Applied ATF1 and pET-15b to the blue gel electrophoresis.

Ligated it.

ATF1

10µL

pET-15b

10µL

Ligation  MIX

10µL

Carried out transformation.

 

 

August 30th

Checked the colonies by colony cracking.

We performed PCR to amplify the ATF1 gene.

Buffer

50µL

dNTP

20µL

Primer mix

1µL

Genome DNA

0.5µL

KOD-FX

2µL

H2O

26.5µL

 

 

 

August 31st

Purified PCR products and dissolved 30µL of H2O.

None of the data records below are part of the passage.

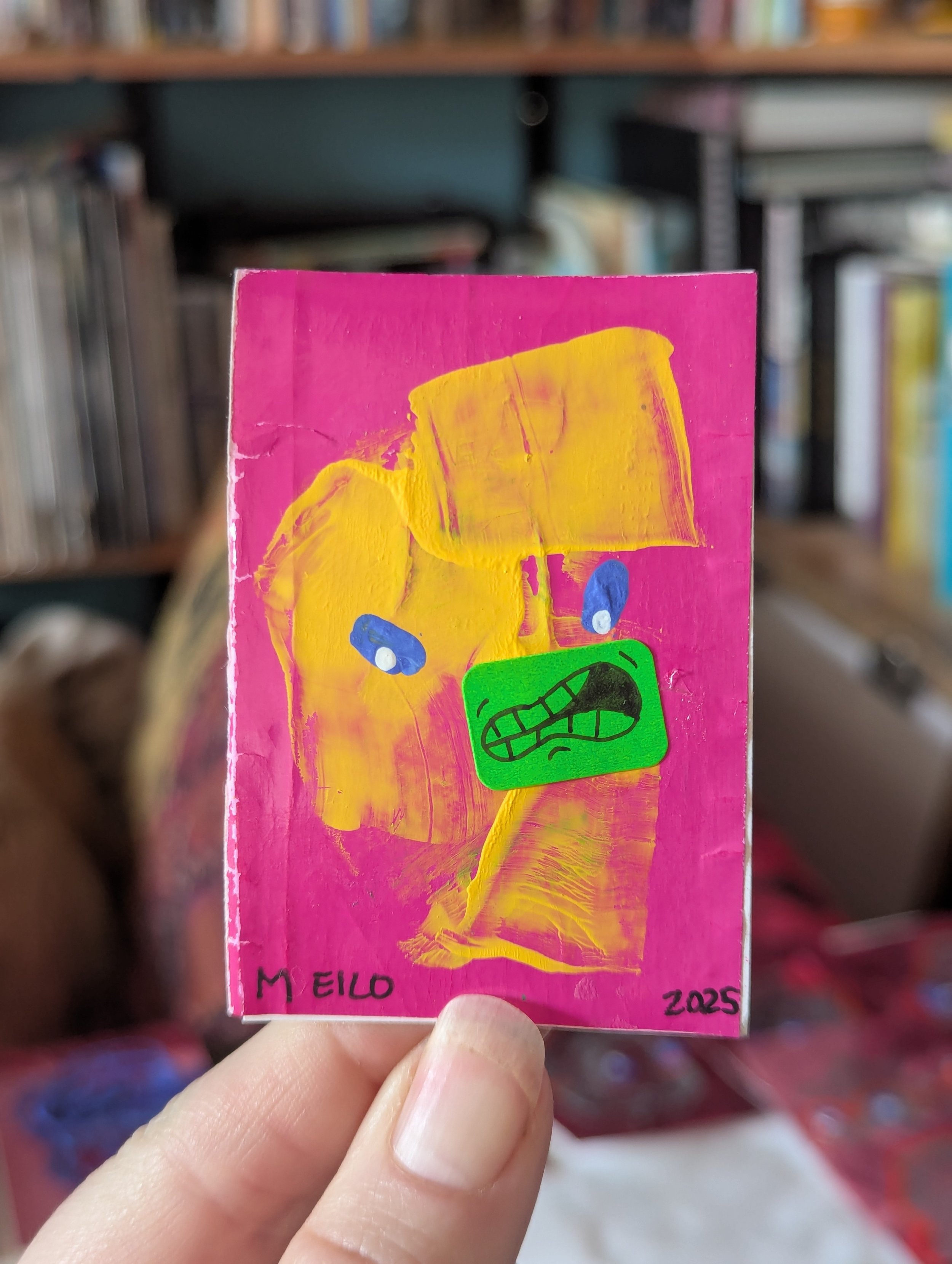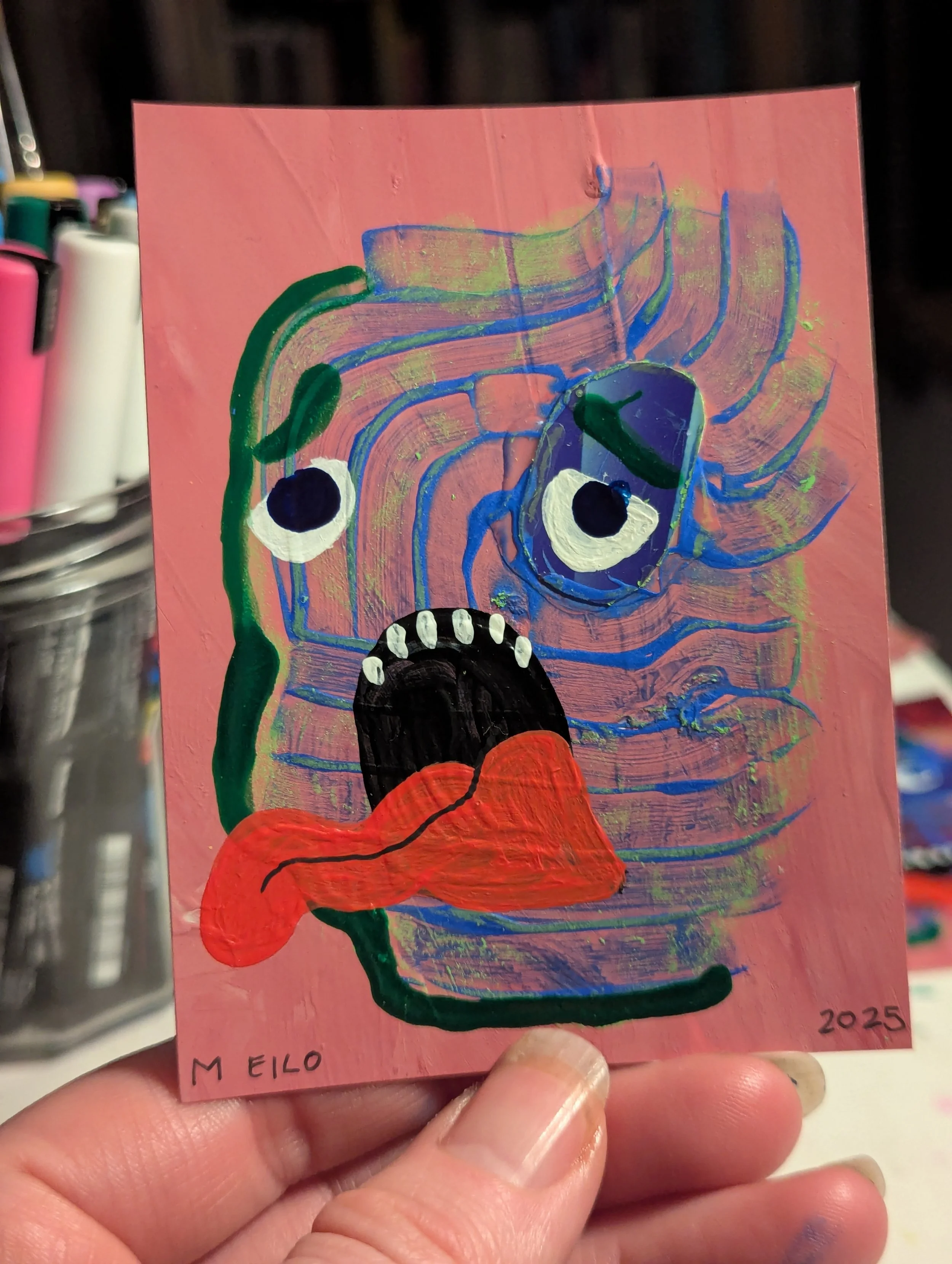 Lil Guys are a series of mixed media paintings experimenting with equitable art sales. For ever paintings sold I also gift a painting to the artists, art workers, and art fans in my community who can not afford to own the work they love.
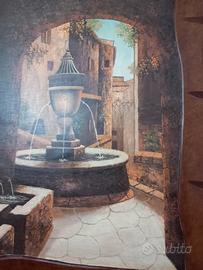 bellissimo quadro in legno con immagine di una fontana, misura 61cm di larghezza per 80 cm di altezza
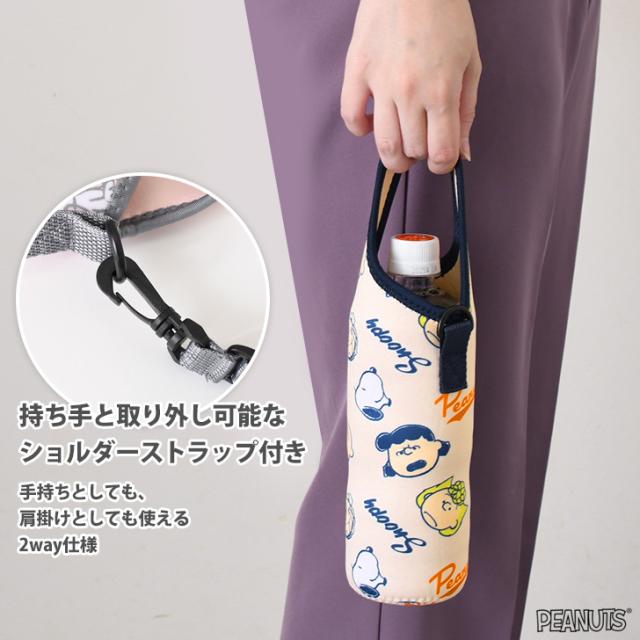 新作 スヌーピー★2wayショルダーストラップ付きボトルホルダー ショルダー 水筒 ペットボトル 保冷 保温 500ml 600ml snoopy キャラクター グッズ 肩掛け 手提げ 手持ち 軽い ポーチ スポーツ
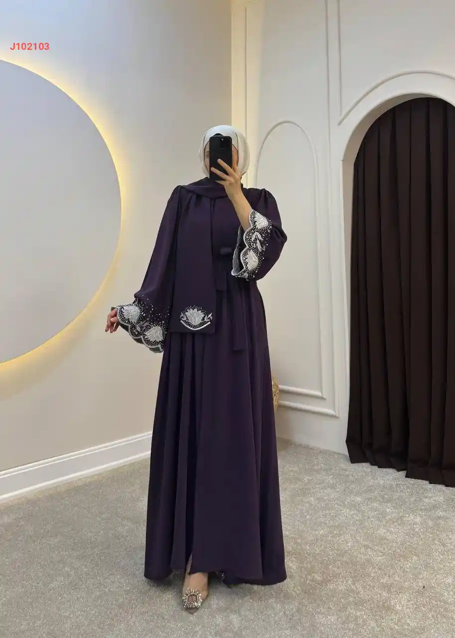 طقم عباية مع فستان سادة بأكم...
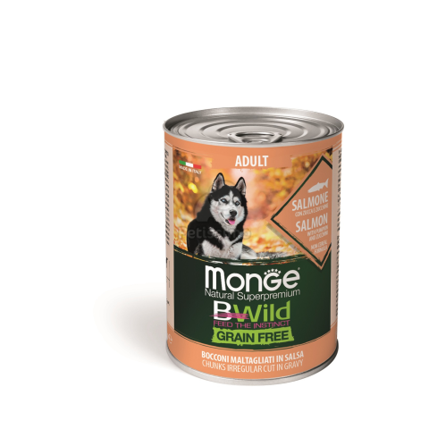 Teljes Monge BWild Grain Free Adult kutyakonzerv - lazac sütőtökkel és cukkinivel 400 g termékleírás
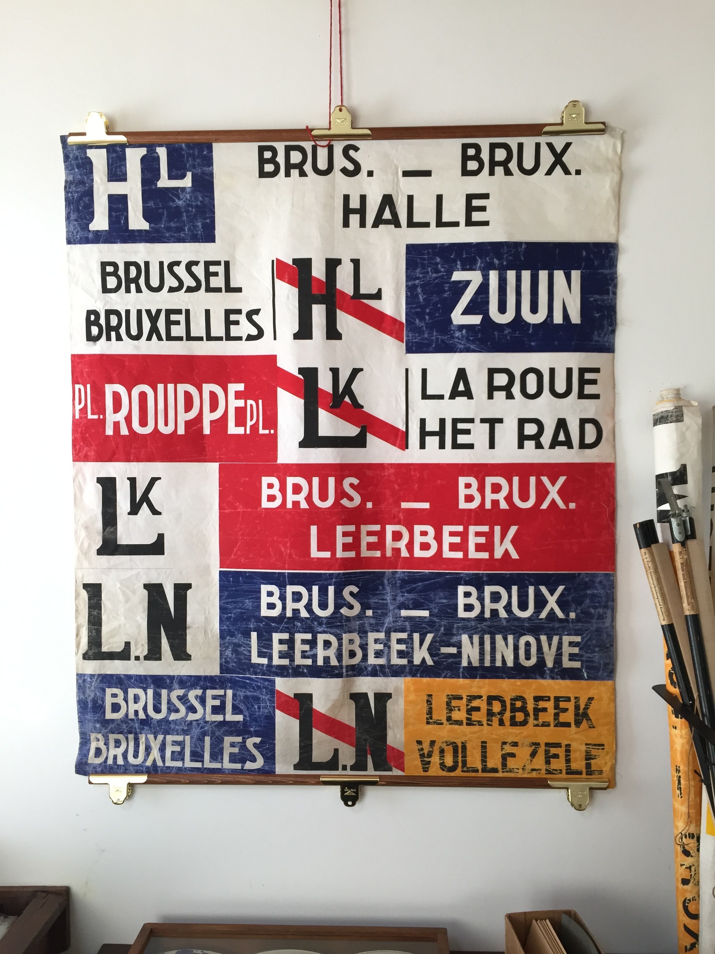 ベルギーのトラム(路面電車)に使われていた方向幕。布で出来ています。

Purified pET-15b and added 33µL of H2O.

Digested ATF1 and pET-15b with XhoI and Bpu1102I.

NEB Buffer 2

3µL

ATF1

24µL

BSA

1µL

XhoI

1µL

Bpu1102I

1µL

 

NEB Buffer 2

4µL

pET-15b

33µL

BSA

1µL

XhoI

1µL

Bpu1102I

1µL

Added 1µL of BAP to pET-15b and incubated them at 37˚C for 30 minutes.

Applied pET-15b to the blue gel electrophoresis.

Isolated and purified it.

Ligation of pET-15b with ATF1 (prep).

ATF1

10µL

pET-15b

10µL

Ligation  MIX

10µL

Transformed ATF1 into pET-15b E. coli cells.